Feesâbehum seyyi-âtu mâ ‘amilû vehâka bihim mâ kânû bihi yestehzi-ûn(e)
Yaptıkları kötülüğe uğradılar ve alay ettiklerinin cezasını çektiler.
Böylece işledikleri kötülükleri (musibet olarak) kendilerine isabet etmiş ve alaya aldıkları şey, kendilerini sarıp-kuşatıvermişti.
Yaptıkları kötülüklerin cezası başlarına geldi de, alay etmekte oldukları gerçekler onları çepeçevre sarıverdi.

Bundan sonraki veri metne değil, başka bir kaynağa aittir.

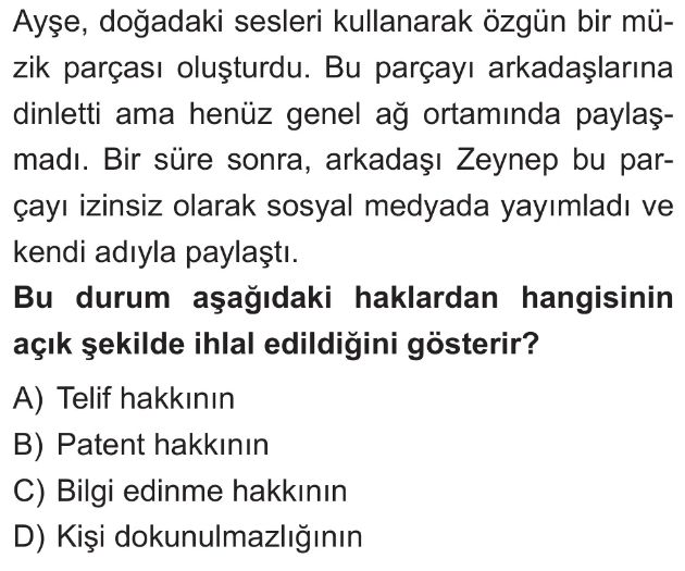 6. Sınıf Telif Ve Patent Süreci Test 2

Sonunda yaptıkları kötülükler başlarına felâket getirdi. Alay etmekte oldukları şeylerin gücü onları çepeçevre kuşattı, işlerini bitirdi.
Bu yüzden yaptıklarının kötülükleri onlara ulaştı ve alaya aldıkları şey kendilerini kuşattı.
Böylece işledikleri kötülükleri kendilerine isabet etti ve alaya aldıkları şey, kendilerini sarıp-kuşatıverdi.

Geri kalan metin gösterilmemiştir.